Instagram content output is influenced by app usage scenarios and activity that users often unknowingly display. That's why we get "caught up" by uninteresting promotional posts, and there's nothing we can do about it.

 

What it really is

In reality, how users interact with others, how often they revisit stories, and like the direct mail posts, does matter. But there are several ways in which you can influence your output:

 

  • Generate a list of close friends - the option not only allows you to allocate a group of subscribers with whom you can share more personal content, but also affects the priority of content from close friends;
  • hide an uninteresting account - an alternative to the unsubscribe option, in which one user no longer sees updates from another;
  • mark recommended publications as uninteresting - promotional publications in the feed or popular publications in the recommendations can be hidden so that the network no longer shows this kind of thing.
  • Information hygiene is a social trend for 2021. It makes users of social networks more picky about the quality of content they consume, and Instagram is going along with it.

 

How to work with it

Perhaps the biggest recipe here is unique, high-quality content. Alas, window dressing and appeals like "Girls, get your nails done" don't work in 2021. Even if you put a lot of money into advertising. Quality photos, stylish layouts and informative texts are not a guarantee, but already a good insurance against the marker "not interested.

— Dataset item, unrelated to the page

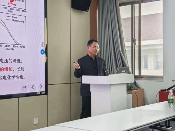 李敬发教授还以“集成式光(辅助)充电新能源存储器件设计及性能研究”为题开讲。他聚焦锂/钠离子电池、锌离子电池及光辅助储能技术,结合在《Advanced Energy Materials》等国际顶级期刊发表的50余篇SCI论文(总引用超5000次),详解“集成式光辅助充电”技术在提升能源存储效率、优化器件设计中的创新路径。作为国家自然科学基金等10余项科研项目主持人,其研究成果获山东省自然科学二等奖等多项荣誉,为师生科研攻关提供了宝贵方法论。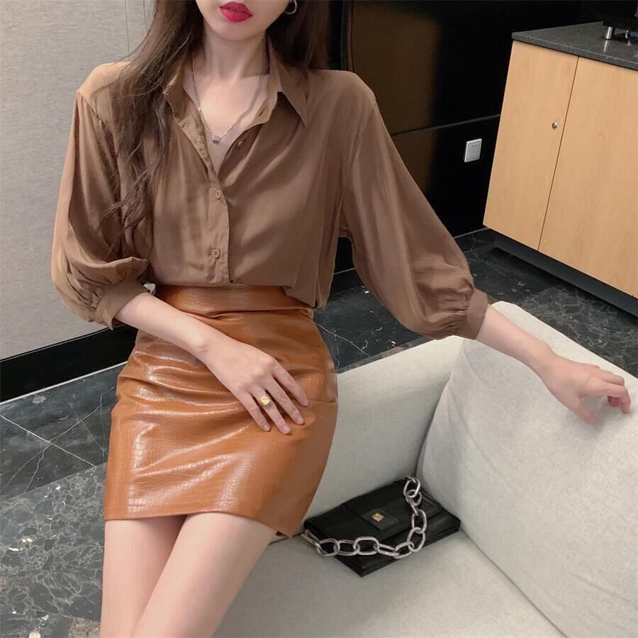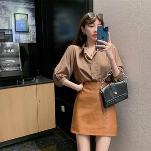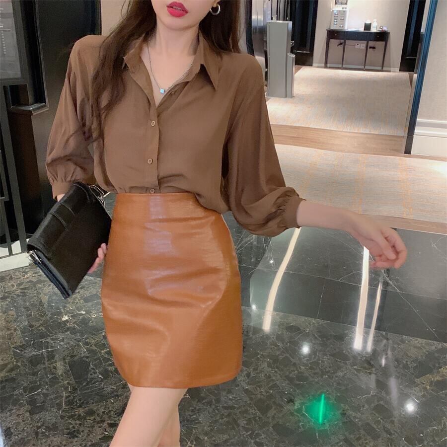 スタイルスタンダードルーズカーキシャツ オータムハイウェストウェストレザースカート レトロ 秋物 Xiaofeijia21896313777

Another growth area is the personal brand. People are more willing to respond to commercial content if the owner of the business is open to communication and evokes sympathy.

 

What's real

Few people will remember now that stories was once called "the second Snapchat." Instagram is betting big on this section: continuing to test it and researching user reactions. The same rules apply to potentially inappropriate content in Reels as in other sections. It is known for a fact that the algorithm restricts the display of videos with low resolution, watermarks and political overtones. Otherwise it is a huge field for hypotheses and experiments.

 

How to work with it

Through Reels, you can interest users who prefer short viral videos. And although at the moment this tool is more unpredictable than understandable, it is worth the gamble. Already because it is a safe way to attract a large number of new subscribers to your account.